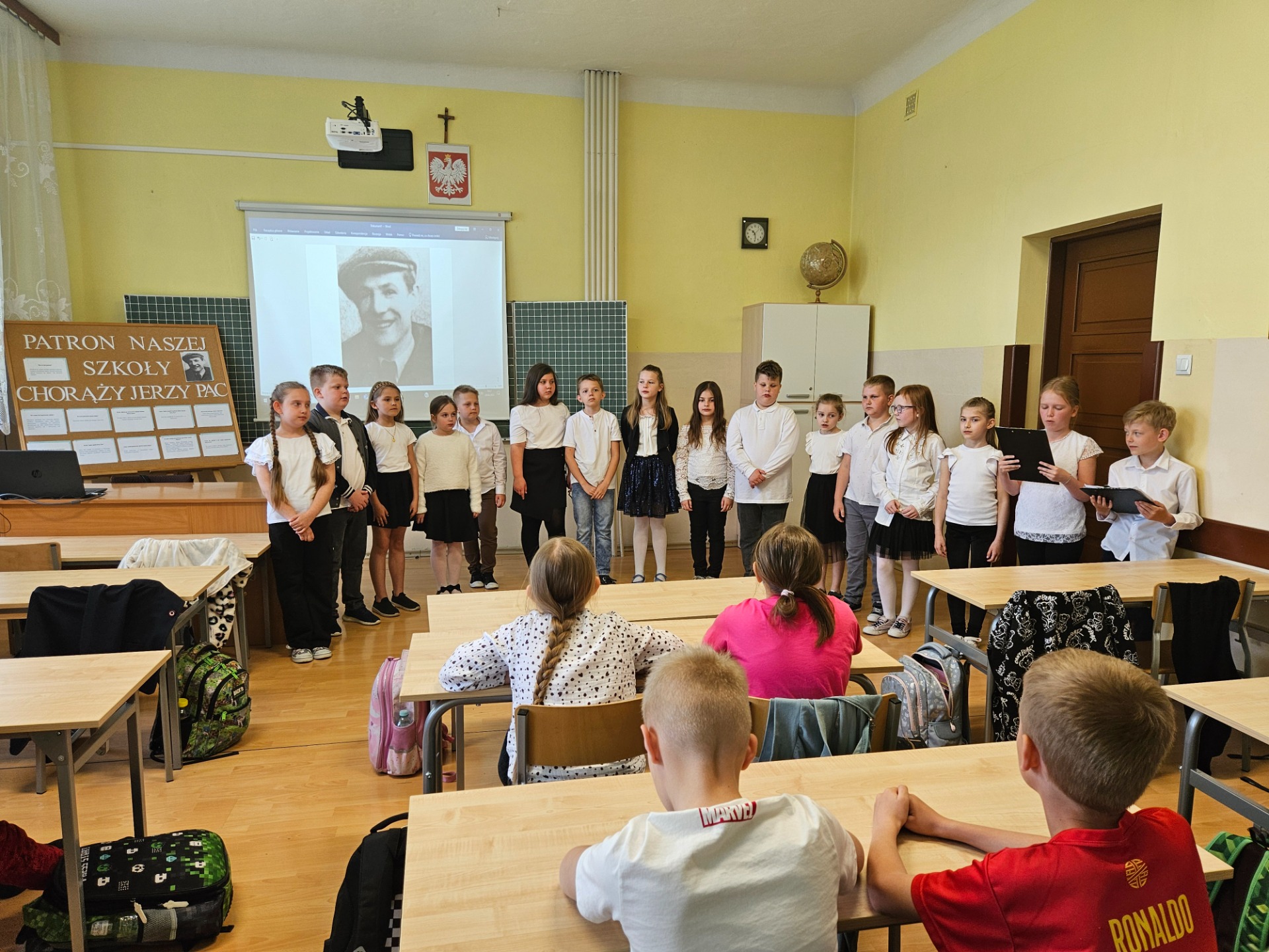 Jak co roku w naszej szkole obchodziliśmy Dzień Patrona – chorążego Jerzego Paca. Tegoroczne obchody miały inny charakter, niż tradycyjna akademia. Uczniowie klas II i III przygotowali ciekawą prezentację sylwetki patrona w formie quizu, który w przystępny i angażujący sposób przybliżył wszystkim postać Jerzego Paca. Po zakończeniu quizu uczniowie aktywnie uczestniczyli w sesji pytań, odpowiadając na zagadnienia związane z usłyszanymi treściami i otrzymując w nagrodę słodką niespodziankę. Była to nie tylko wspaniała okazja do poznania historii naszego patrona, ale również do doskonalenia współpracy w grupie i ćwiczenia koncentracji.
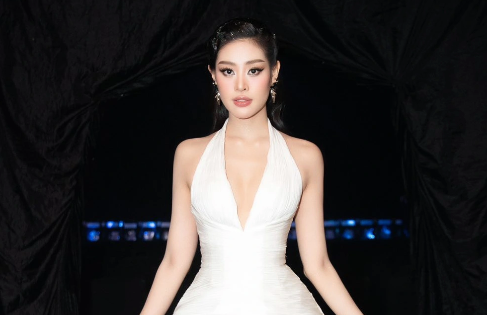 Trước khi xuất hiện trong vai trò vedette, Khánh Vân chọn váy trắng xẻ sâu ở ngực, khoe nhan sắc rạng rỡ trên thảm đỏ.
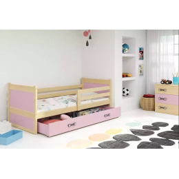 Detská posteľ RICO 90x190 cm so zásuvkou, s matracom, Prírodná/Ružová
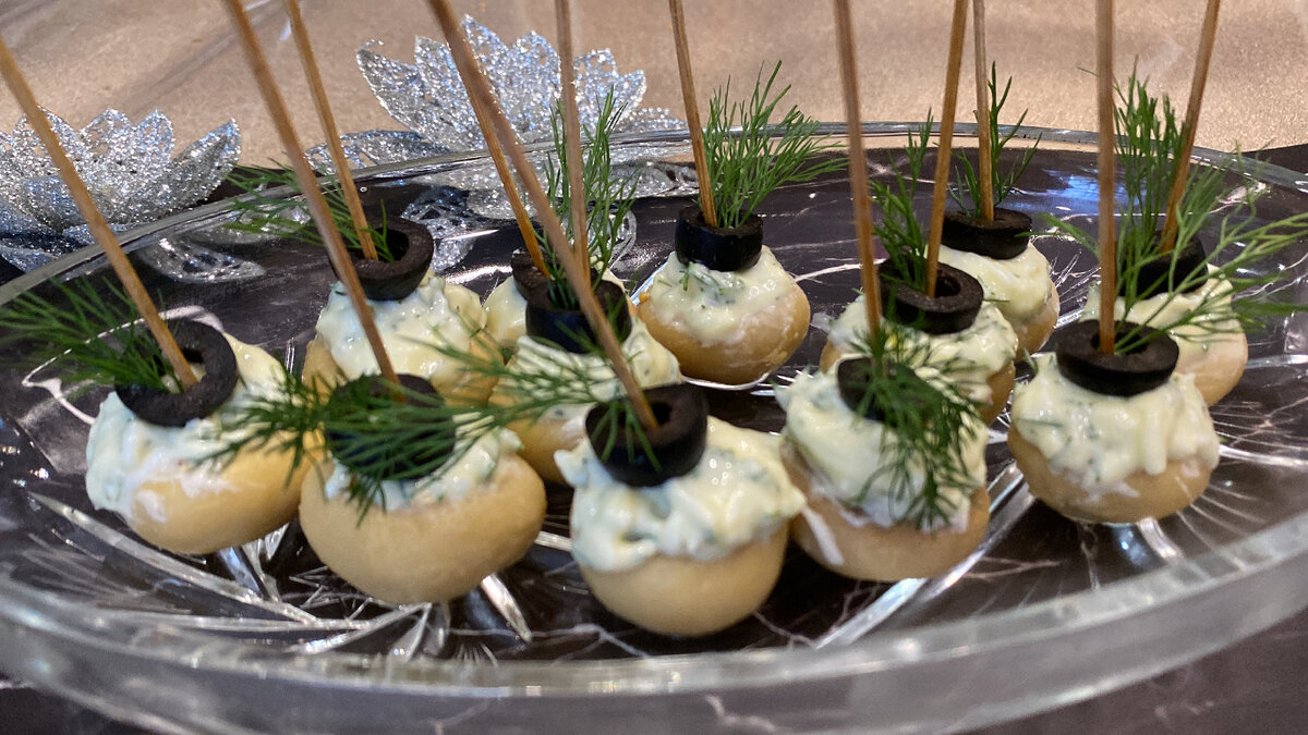 шпажки для нанизывания Вареное куриное яйцо трем на мелкой терке, в него добавляем плавленный сливочный сыр и все хорошо перемешиваем. Нарезаем мелко зелень укропа и добавляем туда же. У маринованных грибов удаляем ножки и получившейся начинкой заполняем шляпки грибов. Нарезаем маслины на колечки и с помощью шпажки нанизываем ее и вставляем в фаршированную шляпку шампиньона. Украшаем каждый гриб веточками укропа и таким образом у нас получается красивая зимняя закуска на празднич
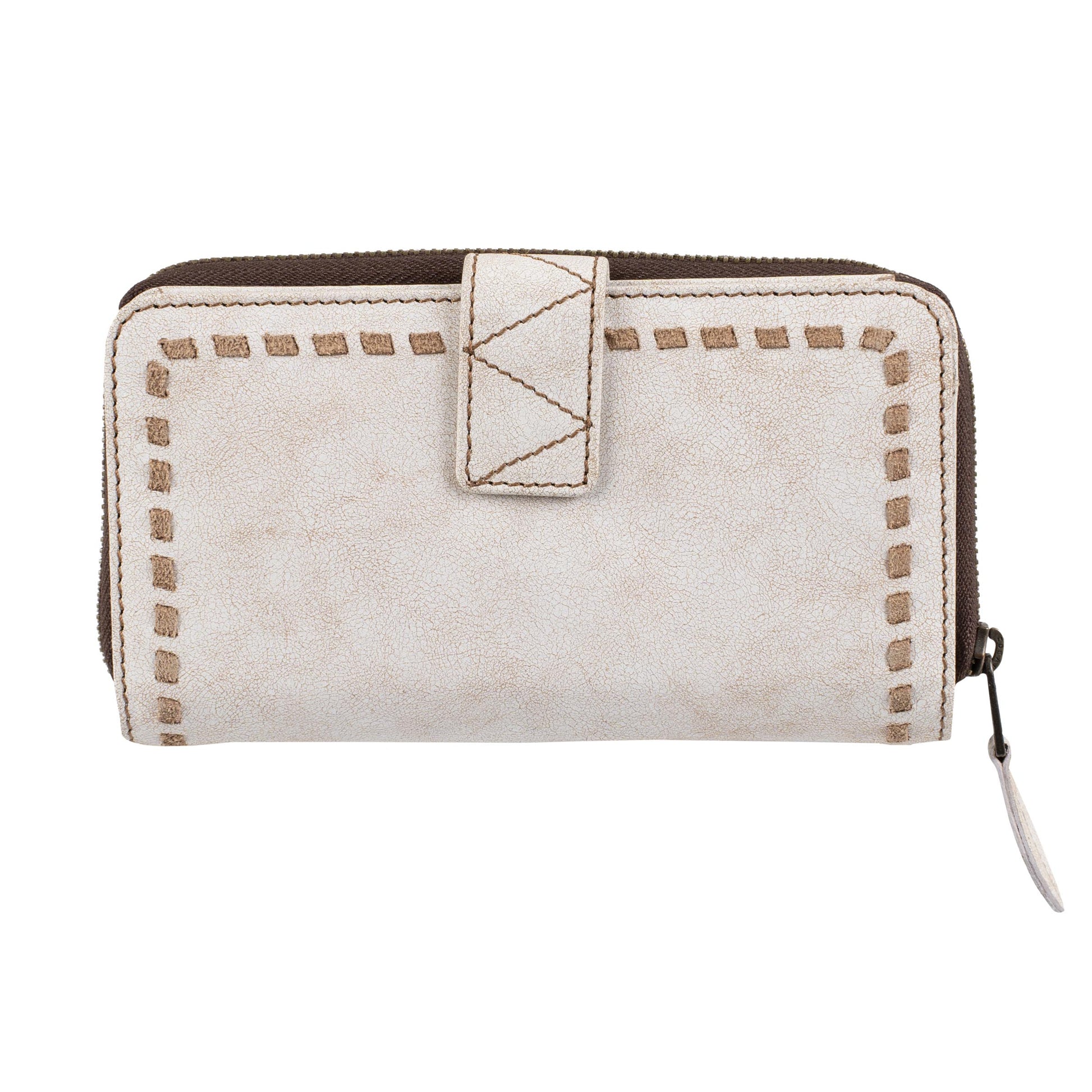 The Cremello Chesea wallet features full grain leather which is crackled to reveal an under crust of soft tanned suede. That same soft tan suede is seen in buck stitch and threaded accents. Finished with distressed hardware for the perfect addition to your Cremello handbag.
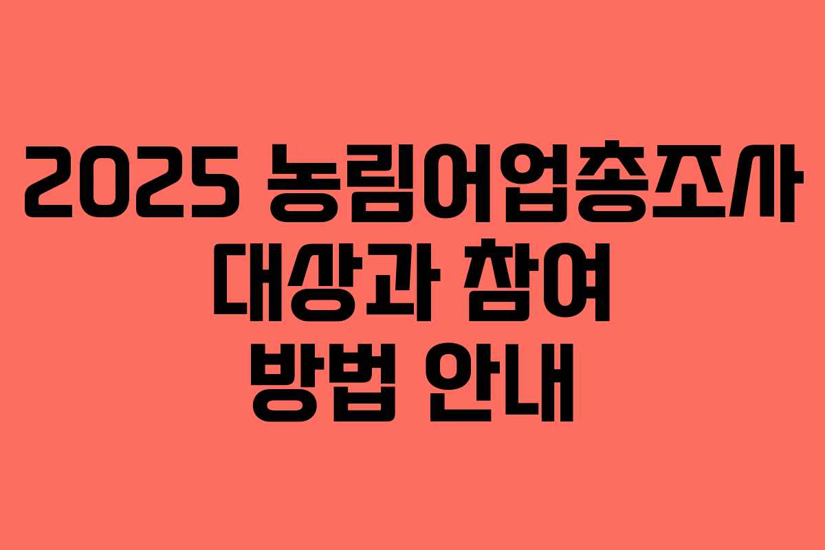 2025년 농림어업총조사가 12월부터 전국적으로 실시됩니다. 이 조사는 농업, 임업, 어업 종사자에게 필요한 국가 통계로, 참여 대상과 조사 일정, 방법을 자세히 안내해 드립니다.
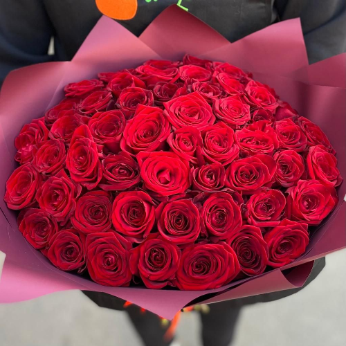 Роскошный букет “Красная мечта” из 51 красной розы - воплощение страсти и элегантности. Изысканная композиция из свежесрезанных роз насыщенного бордово-красного оттенка станет идеальным подарком для особого случая.
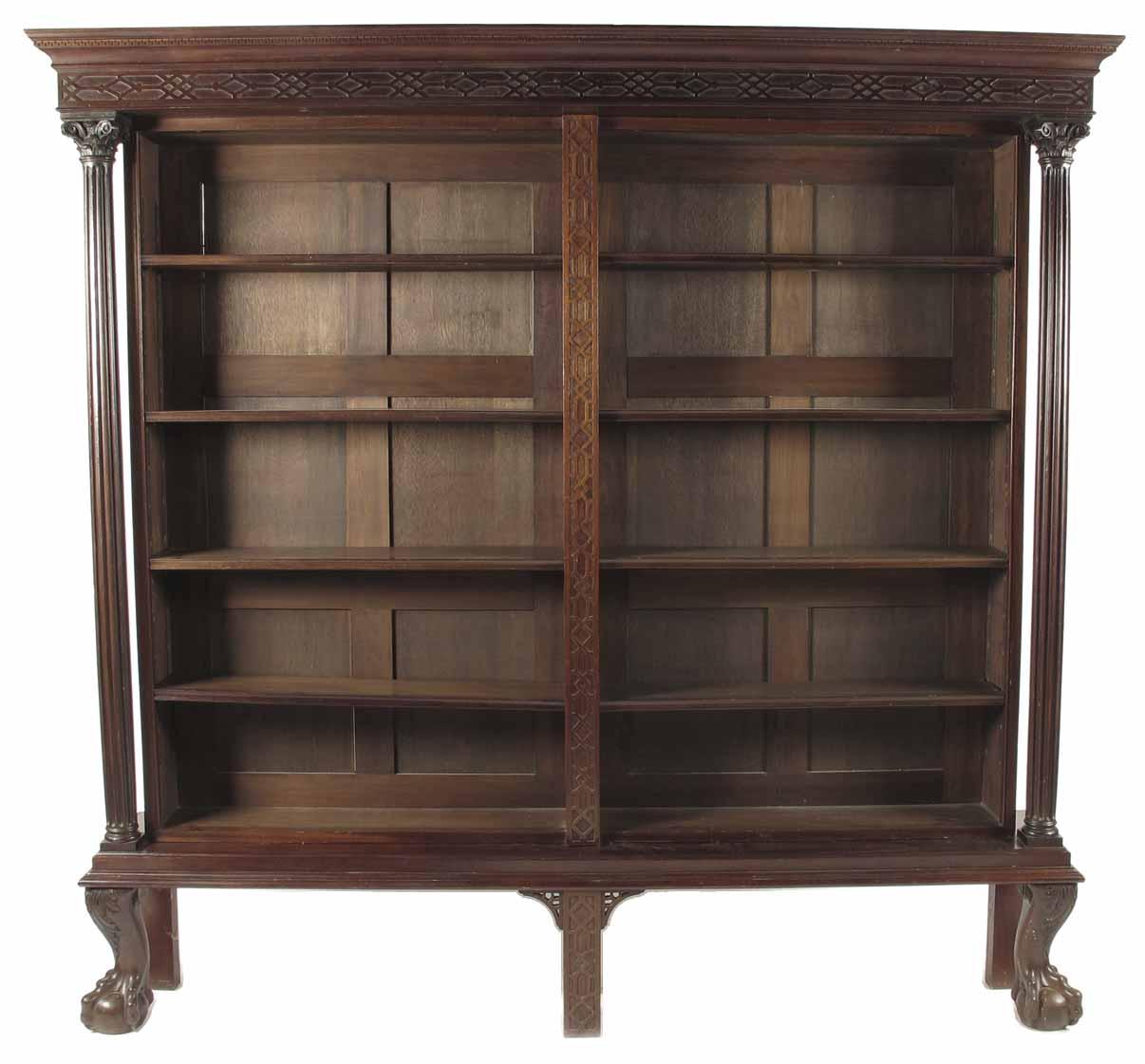 A mahogany open bookcase by J.H. & G. Elliott, Sherborne, Dorset, with carved blind fret decoration, adjustable shelves with central division and flanked by acanthus capped fluted columns, on carved acanthus and claw and ball feet, 78.25in (199cm) h, 83in (211cm) w, 13.75in (35cm) d.
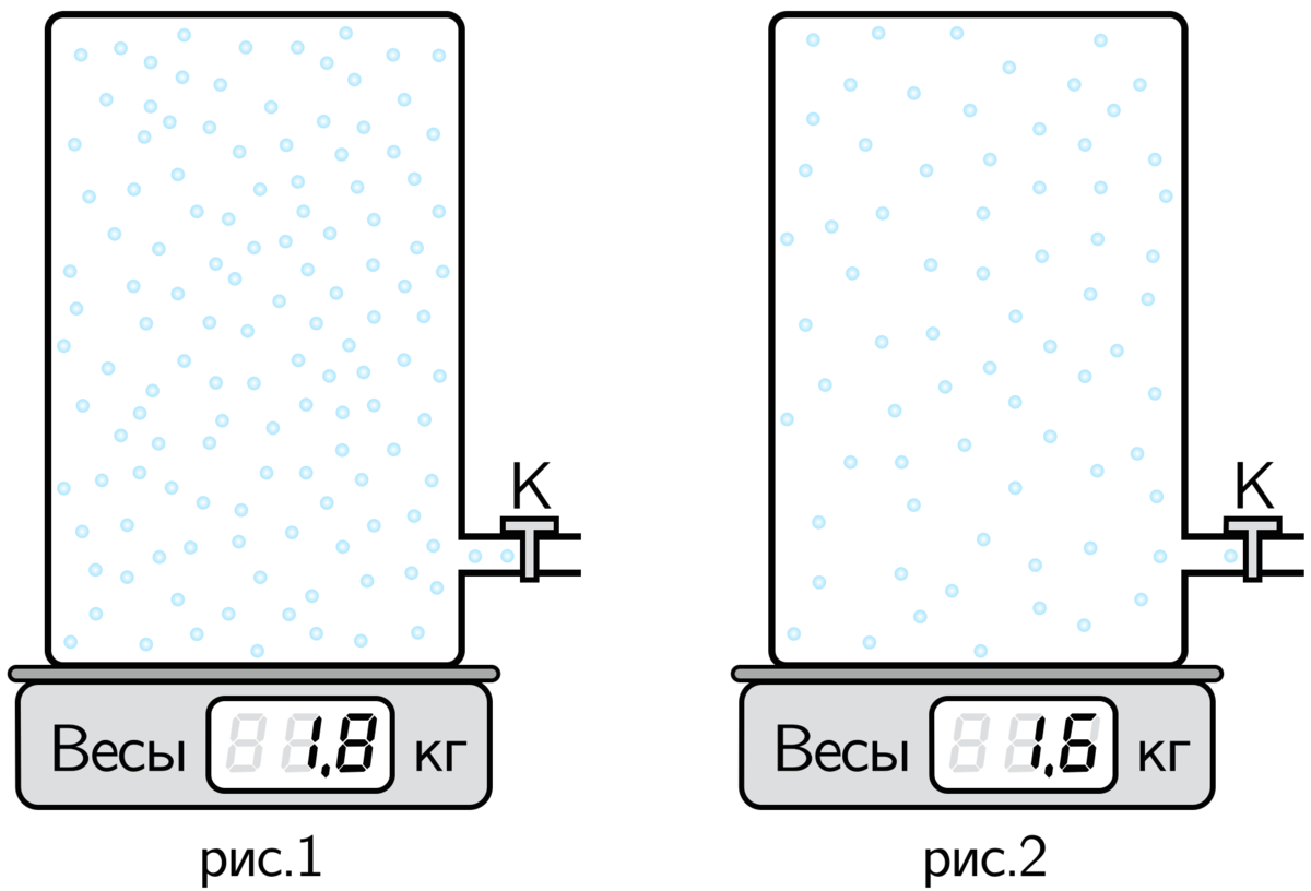 Сосуд, заполненный сжатым газом, поставили на электронные весы, показания которых приведены на рисунке 1. Открыв на некоторое время кран К, из сосуда выпускают часть газа, после чего на весах устанавливаются показания, приведённые на рисунке 2.
---+---
→ **Exercise aim**: Write out an exact copy of the listing, first line through the line containing "для особого случая.", with the pictures left out.

→ **Response**:
 Jak co roku w naszej szkole obchodziliśmy Dzień Patrona – chorążego Jerzego Paca. Tegoroczne obchody miały inny charakter, niż tradycyjna akademia. Uczniowie klas II i III przygotowali ciekawą prezentację sylwetki patrona w formie quizu, który w przystępny i angażujący sposób przybliżył wszystkim postać Jerzego Paca. Po zakończeniu quizu uczniowie aktywnie uczestniczyli w sesji pytań, odpowiadając na zagadnienia związane z usłyszanymi treściami i otrzymując w nagrodę słodką niespodziankę. Była to nie tylko wspaniała okazja do poznania historii naszego patrona, ale również do doskonalenia współpracy w grupie i ćwiczenia koncentracji.
 Trước khi xuất hiện trong vai trò vedette, Khánh Vân chọn váy trắng xẻ sâu ở ngực, khoe nhan sắc rạng rỡ trên thảm đỏ.
 Detská posteľ RICO 90x190 cm so zásuvkou, s matracom, Prírodná/Ružová
 шпажки для нанизывания Вареное куриное яйцо трем на мелкой терке, в него добавляем плавленный сливочный сыр и все хорошо перемешиваем. Нарезаем мелко зелень укропа и добавляем туда же. У маринованных грибов удаляем ножки и получившейся начинкой заполняем шляпки грибов. Нарезаем маслины на колечки и с помощью шпажки нанизываем ее и вставляем в фаршированную шляпку шампиньона. Украшаем каждый гриб веточками укропа и таким образом у нас получается красивая зимняя закуска на празднич
 The Cremello Chesea wallet features full grain leather which is crackled to reveal an under crust of soft tanned suede. That same soft tan suede is seen in buck stitch and threaded accents. Finished with distressed hardware for the perfect addition to your Cremello handbag.
 2025년 농림어업총조사가 12월부터 전국적으로 실시됩니다. 이 조사는 농업, 임업, 어업 종사자에게 필요한 국가 통계로, 참여 대상과 조사 일정, 방법을 자세히 안내해 드립니다.
 Роскошный букет “Красная мечта” из 51 красной розы - воплощение страсти и элегантности. Изысканная композиция из свежесрезанных роз насыщенного бордово-красного оттенка станет идеальным подарком для особого случая.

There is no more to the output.